--- Problem to solve ---
Extract the text of every entry below exactly; leave images out.

--- Information supplied ---
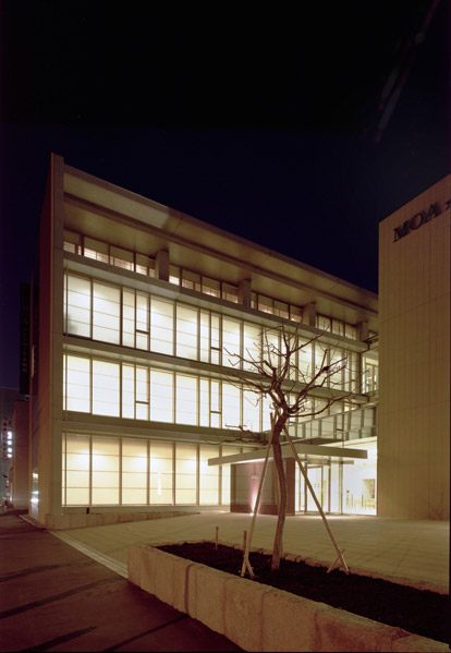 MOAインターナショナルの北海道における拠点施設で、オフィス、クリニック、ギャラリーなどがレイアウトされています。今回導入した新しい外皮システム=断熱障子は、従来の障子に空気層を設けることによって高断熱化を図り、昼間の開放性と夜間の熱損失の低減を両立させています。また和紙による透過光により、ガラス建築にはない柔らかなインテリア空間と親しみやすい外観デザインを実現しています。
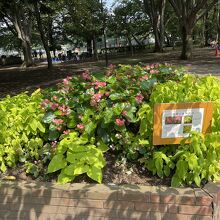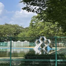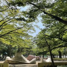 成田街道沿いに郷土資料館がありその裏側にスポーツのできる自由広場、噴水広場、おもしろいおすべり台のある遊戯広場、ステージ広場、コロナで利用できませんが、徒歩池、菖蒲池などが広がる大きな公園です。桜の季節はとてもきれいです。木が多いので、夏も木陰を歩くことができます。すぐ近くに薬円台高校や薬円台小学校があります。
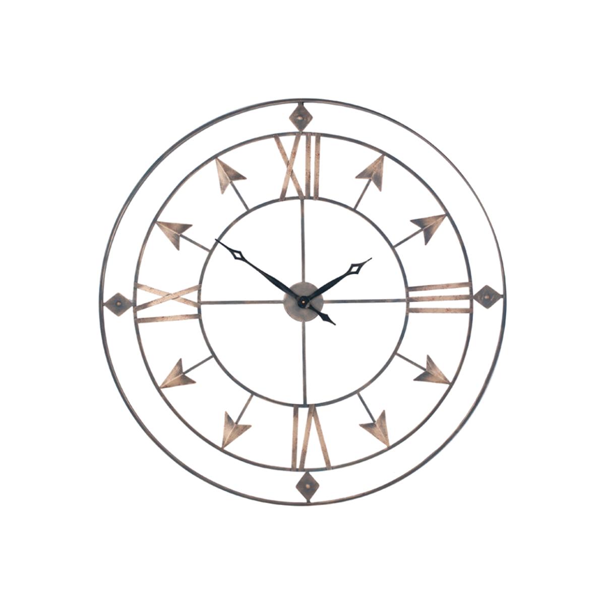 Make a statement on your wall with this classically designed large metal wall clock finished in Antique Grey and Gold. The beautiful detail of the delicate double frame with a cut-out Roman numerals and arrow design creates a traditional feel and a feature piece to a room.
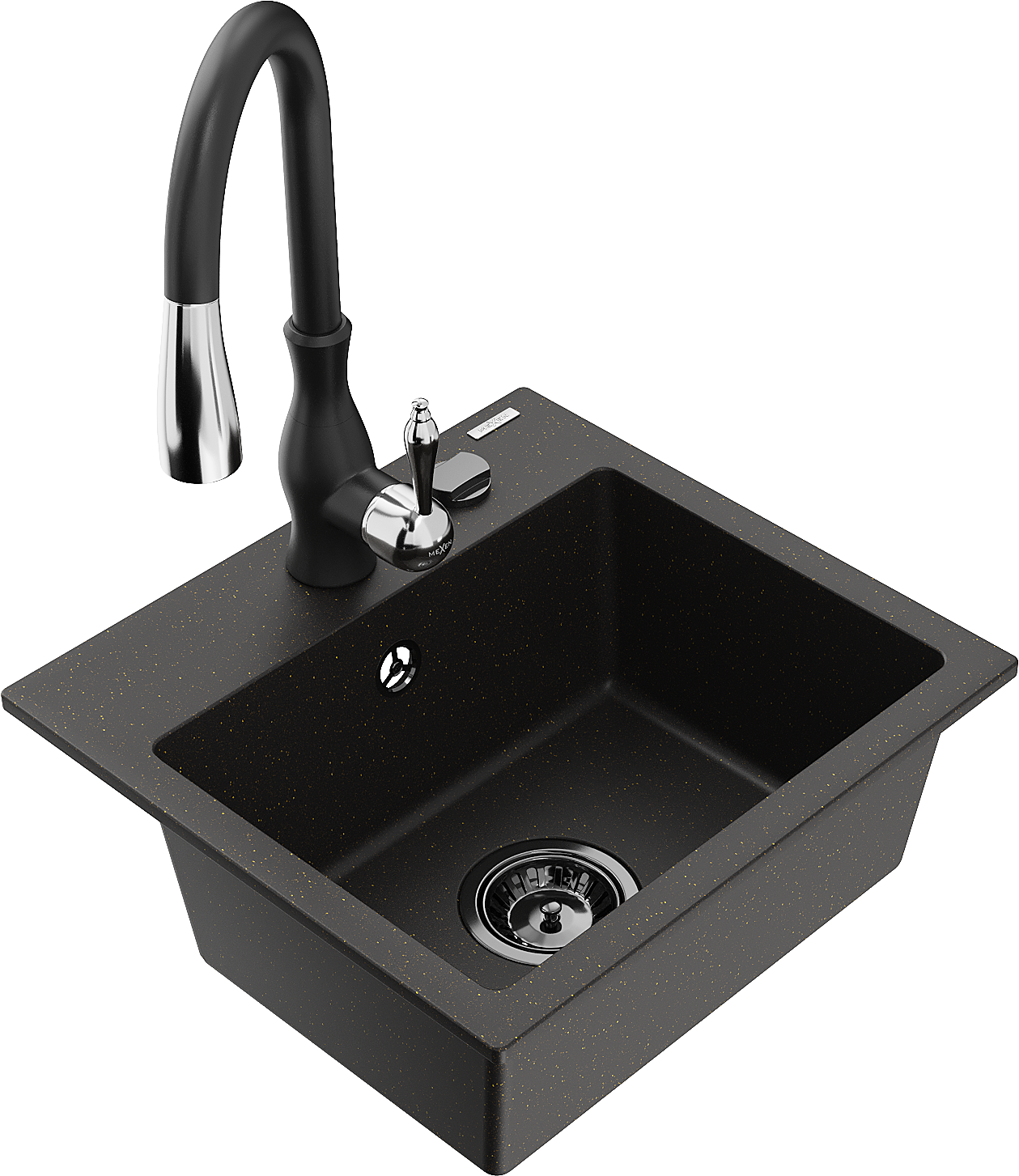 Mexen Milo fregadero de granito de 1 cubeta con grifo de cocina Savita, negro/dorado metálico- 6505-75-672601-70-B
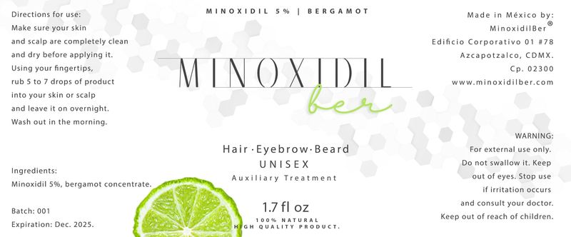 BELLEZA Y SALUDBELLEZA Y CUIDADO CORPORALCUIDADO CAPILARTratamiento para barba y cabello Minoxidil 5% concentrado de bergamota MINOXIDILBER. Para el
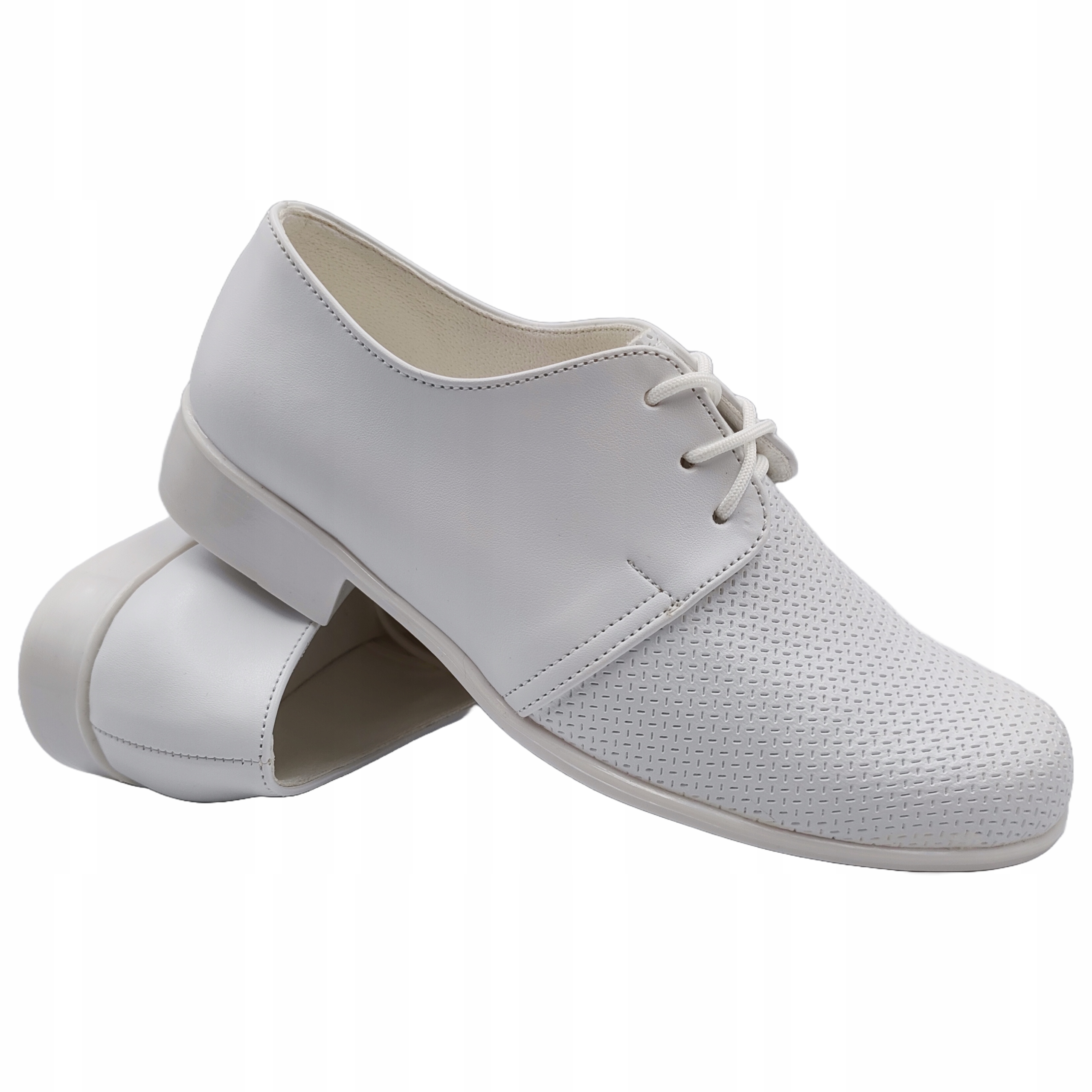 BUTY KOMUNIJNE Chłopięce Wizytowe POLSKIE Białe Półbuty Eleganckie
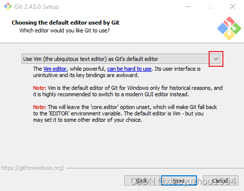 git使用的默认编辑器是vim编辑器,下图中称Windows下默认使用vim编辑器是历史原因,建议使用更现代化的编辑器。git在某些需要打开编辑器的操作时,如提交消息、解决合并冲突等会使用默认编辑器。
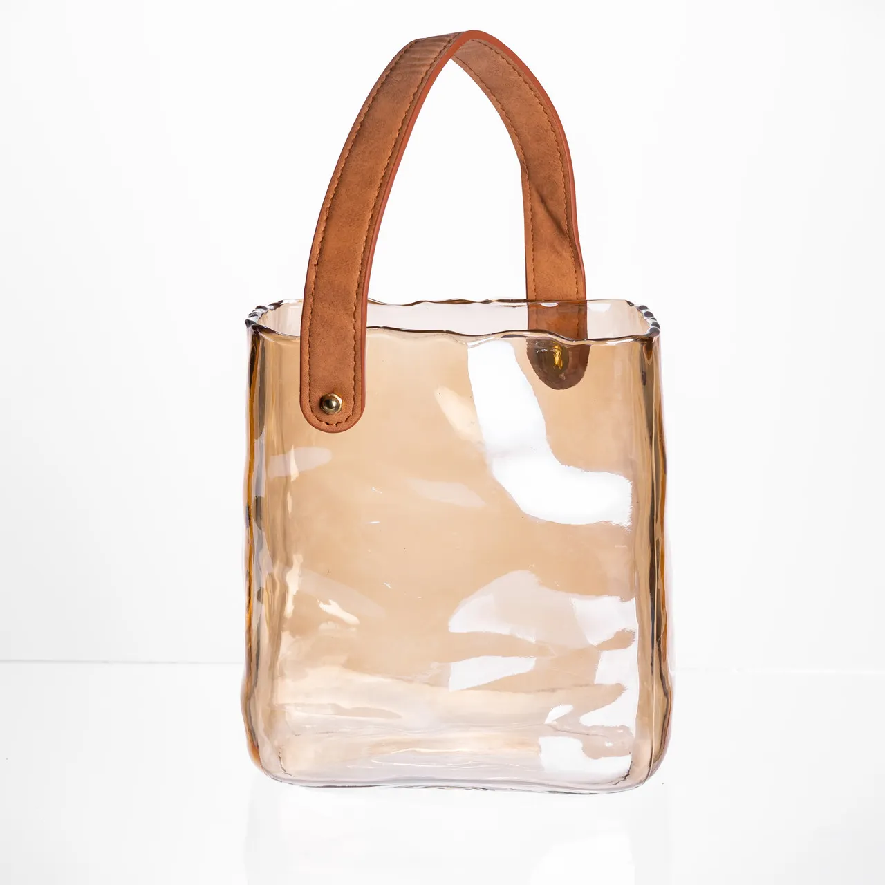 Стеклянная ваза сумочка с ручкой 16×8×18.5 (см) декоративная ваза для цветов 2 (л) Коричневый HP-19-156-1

--- Task output ---
 MOAインターナショナルの北海道における拠点施設で、オフィス、クリニック、ギャラリーなどがレイアウトされています。今回導入した新しい外皮システム=断熱障子は、従来の障子に空気層を設けることによって高断熱化を図り、昼間の開放性と夜間の熱損失の低減を両立させています。また和紙による透過光により、ガラス建築にはない柔らかなインテリア空間と親しみやすい外観デザインを実現しています。
 成田街道沿いに郷土資料館がありその裏側にスポーツのできる自由広場、噴水広場、おもしろいおすべり台のある遊戯広場、ステージ広場、コロナで利用できませんが、徒歩池、菖蒲池などが広がる大きな公園です。桜の季節はとてもきれいです。木が多いので、夏も木陰を歩くことができます。すぐ近くに薬円台高校や薬円台小学校があります。
 Make a statement on your wall with this classically designed large metal wall clock finished in Antique Grey and Gold. The beautiful detail of the delicate double frame with a cut-out Roman numerals and arrow design creates a traditional feel and a feature piece to a room.
 Mexen Milo fregadero de granito de 1 cubeta con grifo de cocina Savita, negro/dorado metálico- 6505-75-672601-70-B
 BELLEZA Y SALUDBELLEZA Y CUIDADO CORPORALCUIDADO CAPILARTratamiento para barba y cabello Minoxidil 5% concentrado de bergamota MINOXIDILBER. Para el
 BUTY KOMUNIJNE Chłopięce Wizytowe POLSKIE Białe Półbuty Eleganckie
 git使用的默认编辑器是vim编辑器,下图中称Windows下默认使用vim编辑器是历史原因,建议使用更现代化的编辑器。git在某些需要打开编辑器的操作时,如提交消息、解决合并冲突等会使用默认编辑器。
 Стеклянная ваза сумочка с ручкой 16×8×18.5 (см) декоративная ваза для цветов 2 (л) Коричневый HP-19-156-1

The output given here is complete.